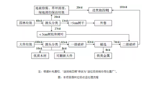 (2)綠化垃圾:針對綠化作業(yè)、臺風天氣產(chǎn)生的樹枝、樹干、樹根進行破碎,破碎后可以直接轉(zhuǎn)運至垃圾焚燒發(fā)電廠焚燒發(fā)電,也可制成生物質(zhì)燃料。
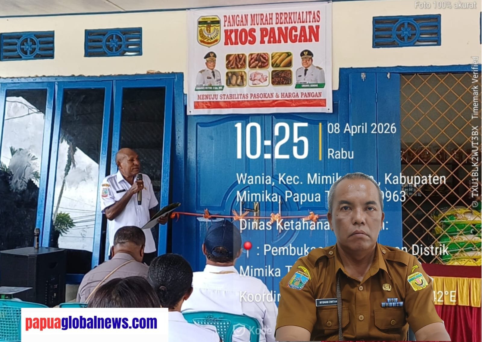 Timika,papuaglobalnews.com – Usaha mendekatan pelayanan kebutuhan dasar masyarakat yang murah tanpa mengabaikan kualitas terus dilakukan oleh Pemerintah Kabupaten Mimika melalui gerakan inonasi “Si Mace Muda” Dinas Ketahanan Pangan (DKP). Salah satu inovasi non teknologi yang diterapkan dengan membuka satu lagi Kios Pangan di Mapurujaya ibu kota Distrik Mimika Timur. Peluncuran dan peresmiannya telah dilaksanakan oleh Gat Tebai, Kepala DKP Mimika pada tanggal 8 April 2026. Lokasinya sangat strategis persis di mata jalan poros Timika-Pomako.
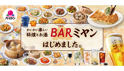 すかいらーくレストランツは10月7日から、同社が運営する「バーミヤン」全店(一部を除く)において、「BAR(バー)ミヤン」と題してアルコールメニューを拡充し、アルコールのお供や、おかずにもなるメニューを新たにラインナップする。
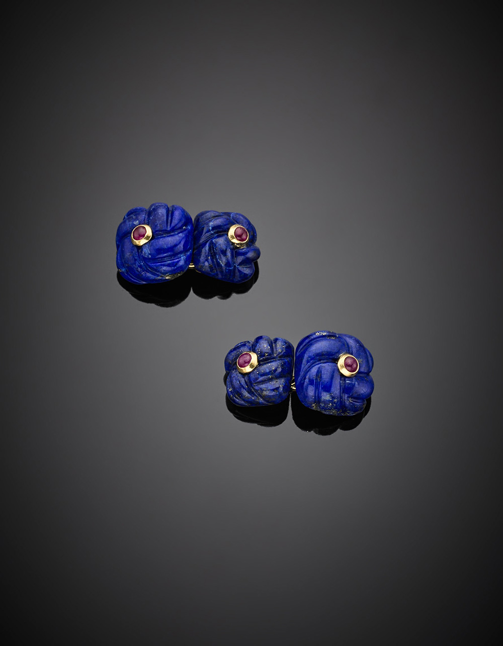 Gemelli in oro giallo con lapislazzuli scolpito e rubini cabochon, g 9,66.
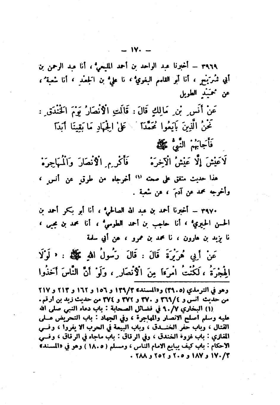 3969 - أَخْبَرَنَا عَبْدُ الْوَاحِدِ بْنُ أَحْمَدَ الْمَلِيحِيُّ، أَنَا عَبْدُ الرَّحْمَنِ بْنُ أَبِي شُرَيْحٍ، أَنَا أَبُو الْقَاسِمِ الْبَغَوِيُّ، نَا عَلِيُّ بْنُ الْجَعْدِ، أَنَا شُعْبَةُ، عَنْ حُمَيْدٍ الطَّوِيلِ، عَنْ أَنَسِ بْنِ مَالِكٍ، قَالَ: قَالَتِ الأَنْصَارُ يَوْمَ الْخَنْدَقِ:
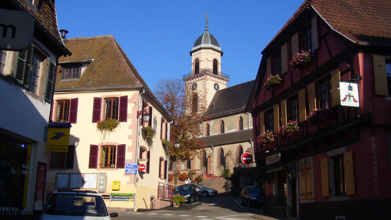Built in the 13th century in the Romanesque style, the church houses in the choir a remarkable altarpiece in carved wood dating from 1518. In front of the entrance to the sanctuary, in Romanesque style, is one of the most beautiful public fountains in Alsace.
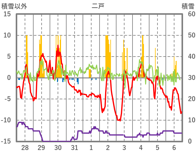 | 日 | 時 | 気温 | 降水 | 風向/風速 | 日照 | 積雪 | 降雪 |
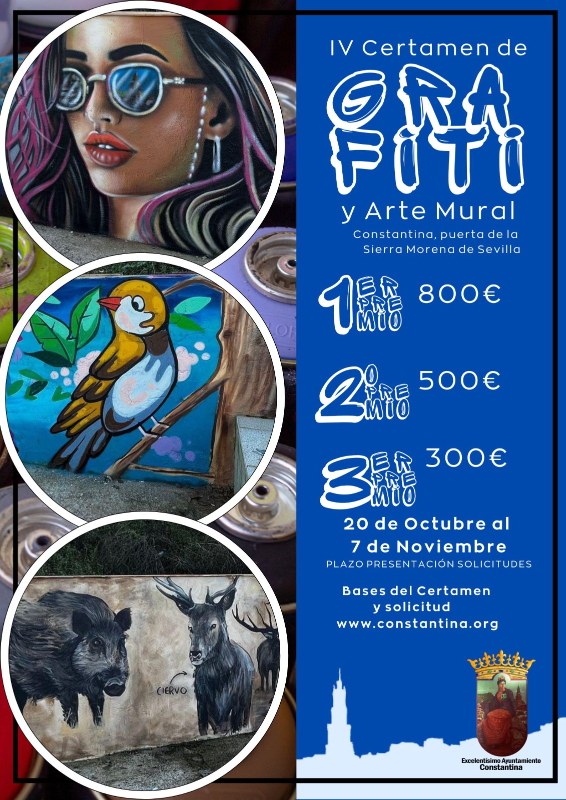 El Ayuntamiento de Constantina, a través de su delegación de Cultura y Juventud convoca el IV Certamen de Grafiti y Arte Mural: Constantina, puerta de la Sierra Morena de Sevilla.
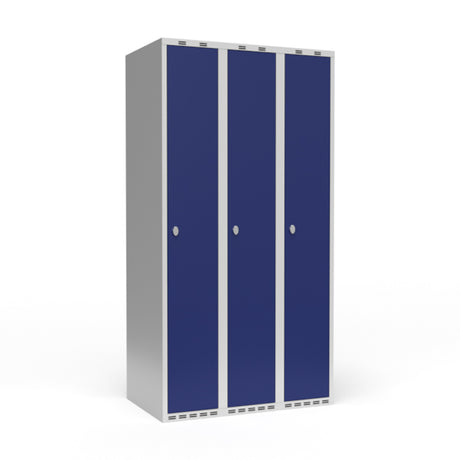 Garderobeskab 3x300 mm Lige tag 1 rum i højden Blå dør Greb for hængelås
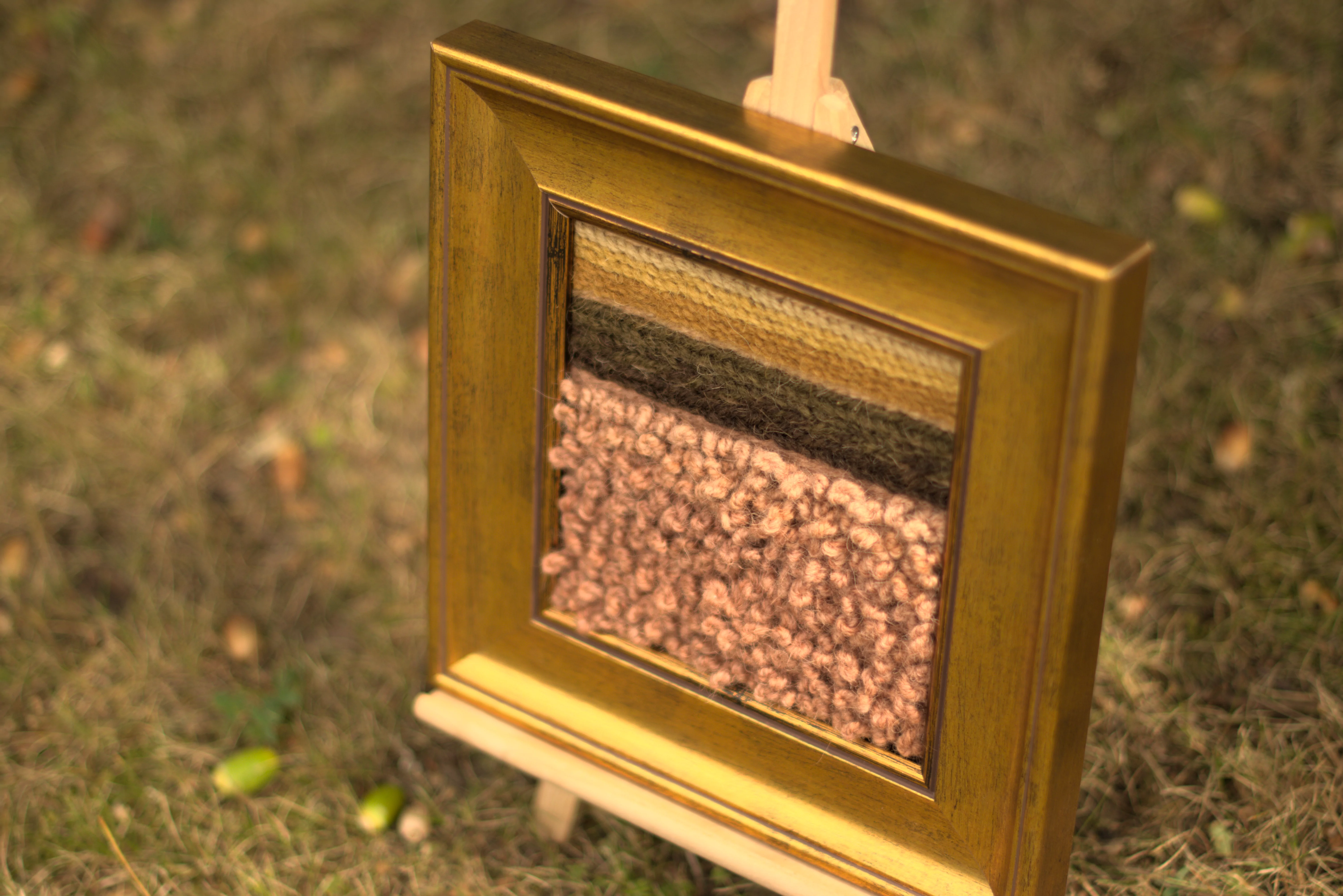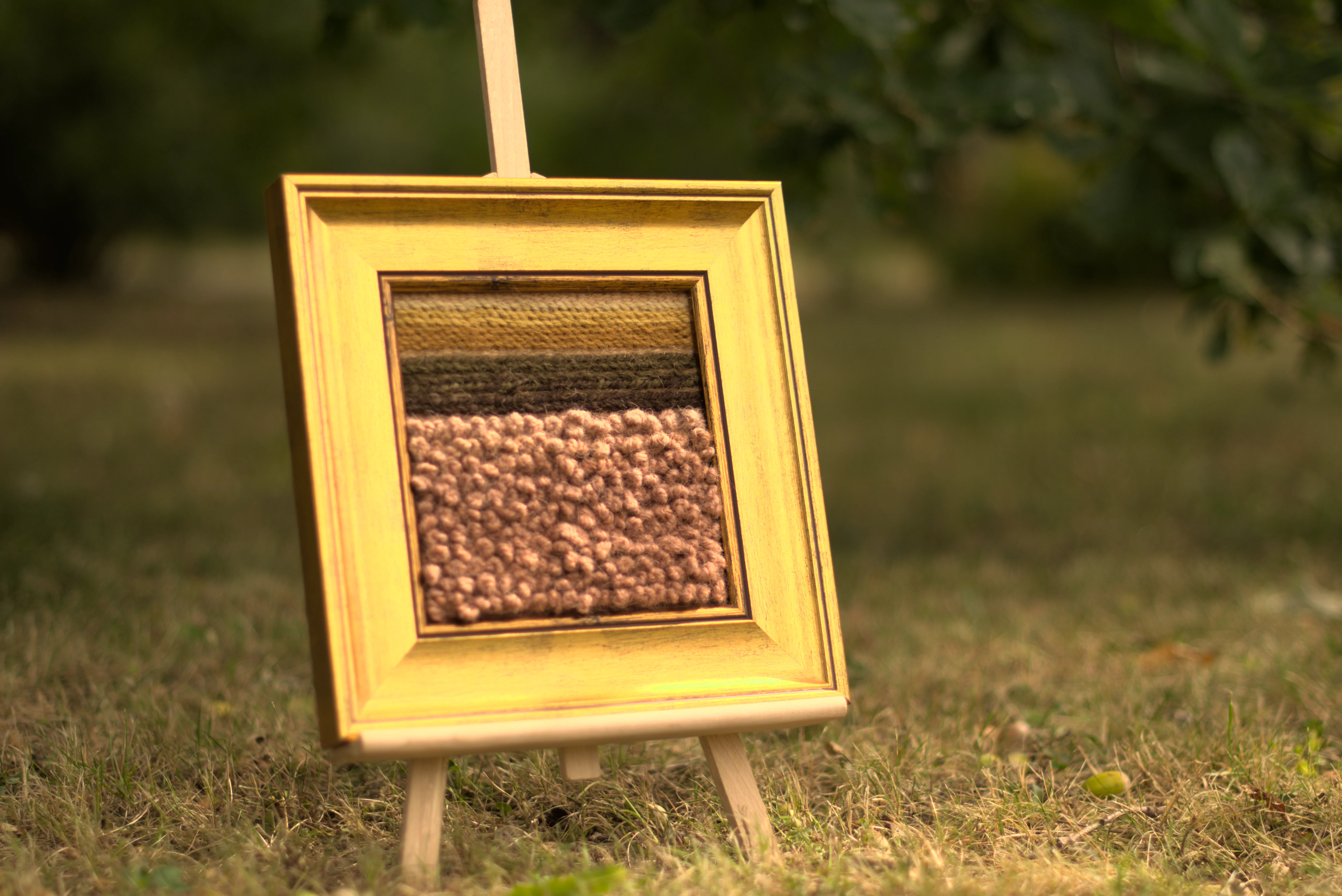 Kolory (z) Natury – seria miniatur tkackich wykonanych w całości z polskiej wełny owczej, którą barwię za pomocą barwników pozyskanych samodzielnie z roślin. W tej serii wykorzystuję ograniczoną paletę splotów tkackich oraz proste geometryczne i organiczne formy, by jak największą przestrzeń zostawić naturalnym barwom. Tworzę projekty łączące kolory z różnych roślin, a także tzw. studia kolorystyczne, skomponowane z palety barw uzyskanych z jednej rośliny. Eksploruję w nich zjawisko kontrastu symultanicznego, polegającego na tym, że kolor i jego nasycenie postrzegamy w kontekście otoczenia, np. koloru tła czy sąsiadującej przędzy. Zamknięte w miniaturowej tkaninie cuda przyrody oprawiam w okazałe złote ramy, które mają przypominać o tym, że to właśnie natura powinna stanowić dla człowieka jedną z najwyższych wartości.

····················

▶ **WHAT TO PRODUCE**
What to print is the stretch of entries from the line with "すかいらーくレストランツは1" up to and including the line with "3969 - أَخْبَرَنَا". Please print it exactly and leave out the pictures.

▶ **ANSWER BELOW**
 すかいらーくレストランツは10月7日から、同社が運営する「バーミヤン」全店(一部を除く)において、「BAR(バー)ミヤン」と題してアルコールメニューを拡充し、アルコールのお供や、おかずにもなるメニューを新たにラインナップする。
 Gemelli in oro giallo con lapislazzuli scolpito e rubini cabochon, g 9,66.
 3969 - أَخْبَرَنَا عَبْدُ الْوَاحِدِ بْنُ أَحْمَدَ الْمَلِيحِيُّ، أَنَا عَبْدُ الرَّحْمَنِ بْنُ أَبِي شُرَيْحٍ، أَنَا أَبُو الْقَاسِمِ الْبَغَوِيُّ، نَا عَلِيُّ بْنُ الْجَعْدِ، أَنَا شُعْبَةُ، عَنْ حُمَيْدٍ الطَّوِيلِ، عَنْ أَنَسِ بْنِ مَالِكٍ، قَالَ: قَالَتِ الأَنْصَارُ يَوْمَ الْخَنْدَقِ:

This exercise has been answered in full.